Enhanced killing of ovarian carcinoma using oncolytic measles vaccine virus armed with a yeast cytosine deaminase and uracil phosphoribosyltransferase.

机构信息

Department of Obstetrics and Gynecology, University of Tuebingen, Calwer Strasse 7, 72076 Tuebingen, Germany.

出版信息

Gynecol Oncol. 2013 Aug;130(2):362-8. doi: 10.1016/j.ygyno.2013.05.004. Epub 2013 May 12.

Abstract

OBJECTIVE

To preclinical assess the feasibility of combining oncolytic measles vaccine virus (MeV) with suicide gene therapy for ovarian cancer treatment.

METHODS

We genetically engineered a recombinant MeV armed with a yeast-derived bifunctional suicide gene that encodes for cytosine deaminase and uracil phosphoribosyltransferase (MeV-SCD).

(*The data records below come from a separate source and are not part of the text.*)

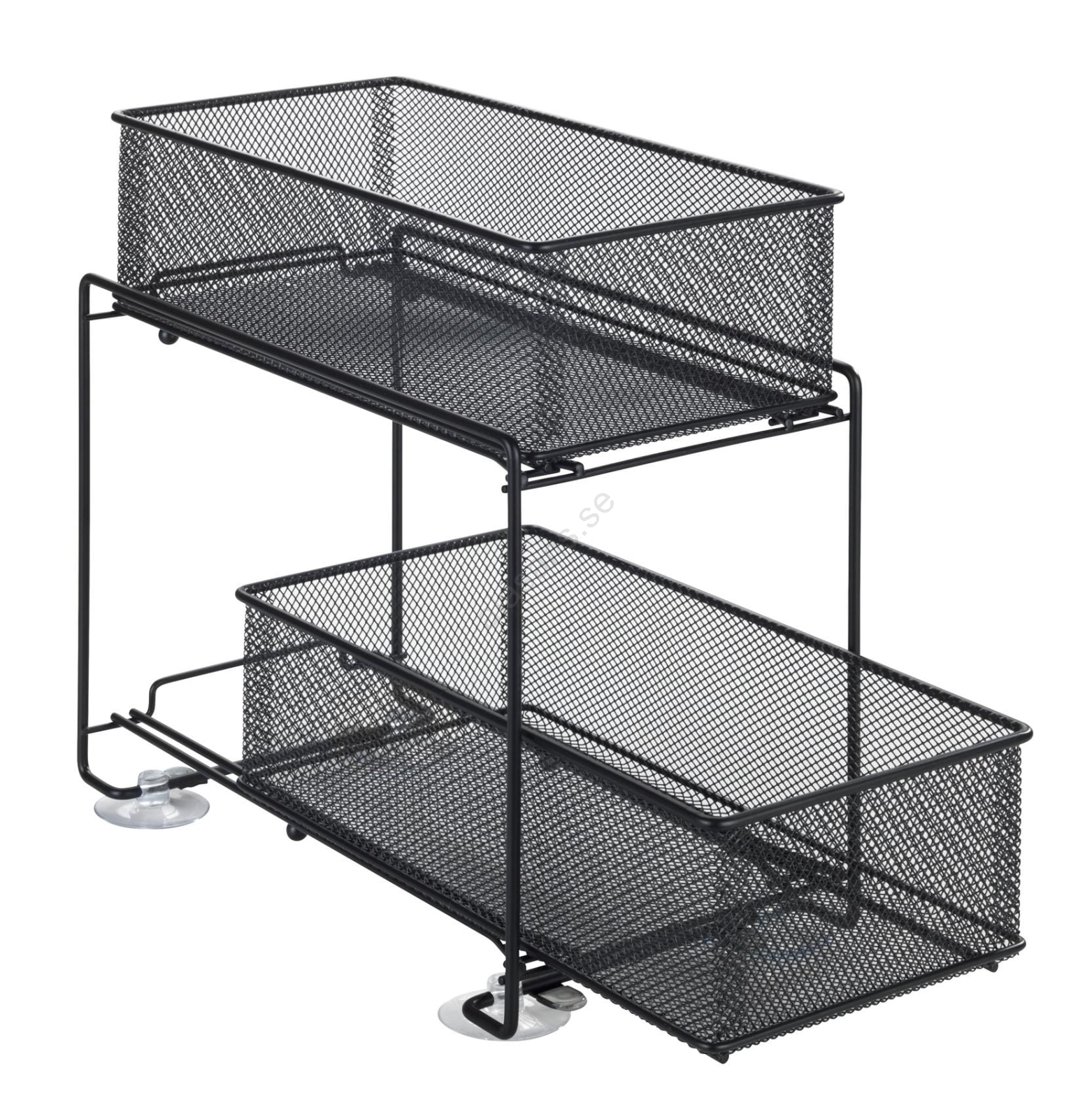 • Praktisk organiserare med två utdragbara hyllplan som skapar ordning i kök och badrum.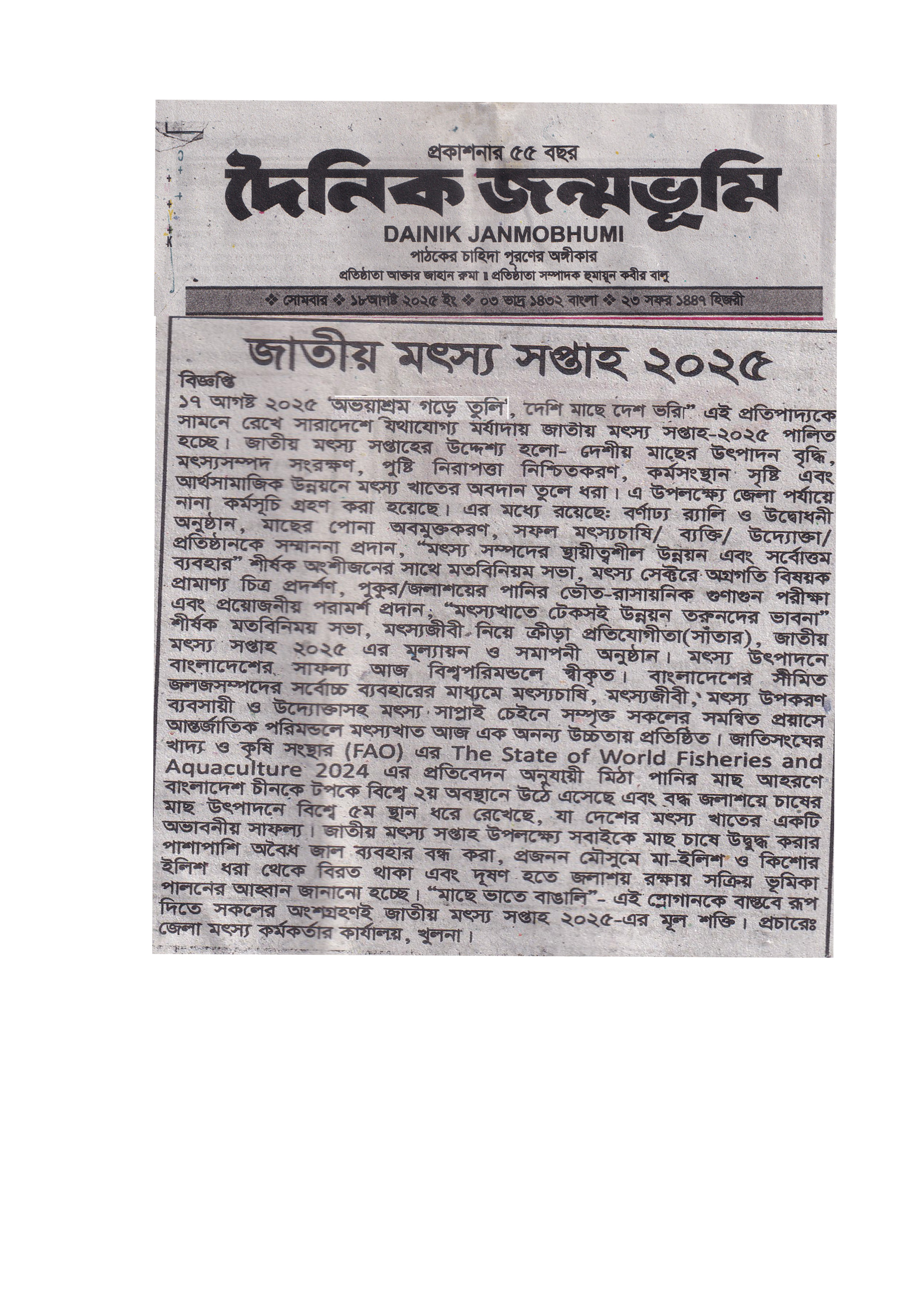 ১৫ এপ্রিল হতে ১১ জুন ২০২৬ পর্যন্ত ৫৮ (আটান্ন) দিন বাংলাদেশের সামুদ্রিক জলসীমায় সকল প্রকার মৎস্য নৌযান কর্তৃক যে কোনো প্রজাতির মৎস্য আহরণ নিষিদ্ধকালীন কার্যক্রম সংক্রান্ত জেলা টাস্কফোর্স কমিটির সভার নোটিশ।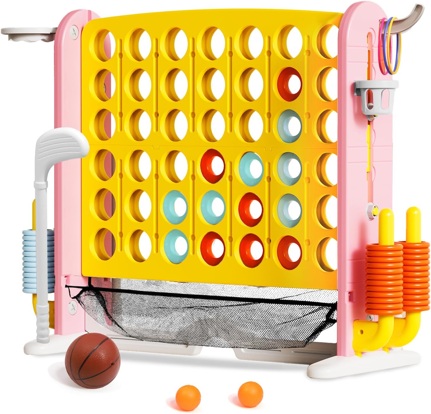 • 4-in-1 Fun for Endless Play: Experience endless entertainment with our versatile giant game set! This unique multi-functional unit combines the classic thrill of Jumbo 4-to-Score with an exciting Basketball Hoop, a challenging Golf Putting Game, and a lively Ring Toss. Our distinct golf feature ensures everyone finds their favorite way to play, creating unforgettable memories for all ages and interests.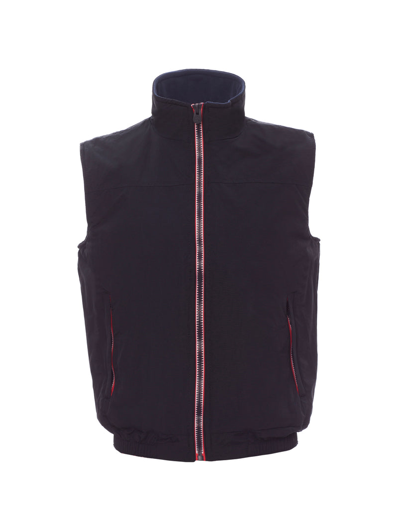 AccediGilet con zip da 8mm a contrasto, elastico in vita, due tasche esterne con zip coperta. Interno: imbottito, micropile nel colletto e nella schiena, una tasca con cerniera e predisposzione per cuffie e cavo smartphone, zip al petto e sul fondo per agevolare stampe e ricami.

From this suicide gene, a chimeric protein is produced that converts the non-toxic prodrug 5-fluorocytosine (5-FC) into highly cytotoxic 5-fluorouracil (5-FU) and directly into 5-fluorouridine monophosphate (5-FUMP) thereby bypassing an important mechanism of chemoresistance to 5-FU.

RESULTS

MeV-SCD was demonstrated to infect, replicate in and effectively lyse not only human ovarian cancer cell lines, but also primary tumor cells (albeit at lower efficiencies) that were derived from malignant ascites of ovarian cancer patients. Addition of the prodrug 5-FC significantly enhanced cell killing. Importantly, precision-cut tumor slices of human ovarian cancer patient specimens were efficiently infected with MeV-SCD. The prodrug-converting enzyme SCD was expressed by all infected tumor slices, thereby ensuring provision of the suicide gene arming function in patient-derived materials.

CONCLUSIONS

With respect to safety and therapeutic impact, arming of oncolytic measles vaccine virus warrants further clinical investigation for ovarian cancer treatment.

摘要

目的

临床前评估联合溶瘤麻疹病毒(MeV)与自杀基因治疗卵巢癌的可行性。

方法

我们通过基因工程构建了一种携带酵母衍生双功能自杀基因的重组 MeV,该基因编码胞嘧啶脱氨酶和尿嘧啶磷酸核糖基转移酶(MeV-SCD)。从这个自杀基因中,产生了一种嵌合蛋白,将非毒性前药 5-氟胞嘧啶(5-FC)转化为高度细胞毒性的 5-氟尿嘧啶(5-FU),并直接转化为 5-氟尿苷单磷酸(5-FUMP),从而绕过了对 5-FU 的重要耐药机制。

结果

MeV-SCD 不仅能感染、复制,而且能有效地裂解人卵巢癌细胞系,还能有效地裂解源自卵巢癌患者恶性腹水的原代肿瘤细胞(尽管效率较低)。添加前药 5-FC 显著增强了细胞杀伤作用。重要的是,人卵巢癌患者标本的精确切割肿瘤切片被 MeV-SCD 有效地感染。所有感染的肿瘤切片都表达了前药转化酶 SCD,从而确保了在患者来源的材料中提供自杀基因武装功能。

结论

就安全性和治疗效果而言,溶瘤麻疹病毒的武装值得进一步的临床研究,以用于卵巢癌的治疗。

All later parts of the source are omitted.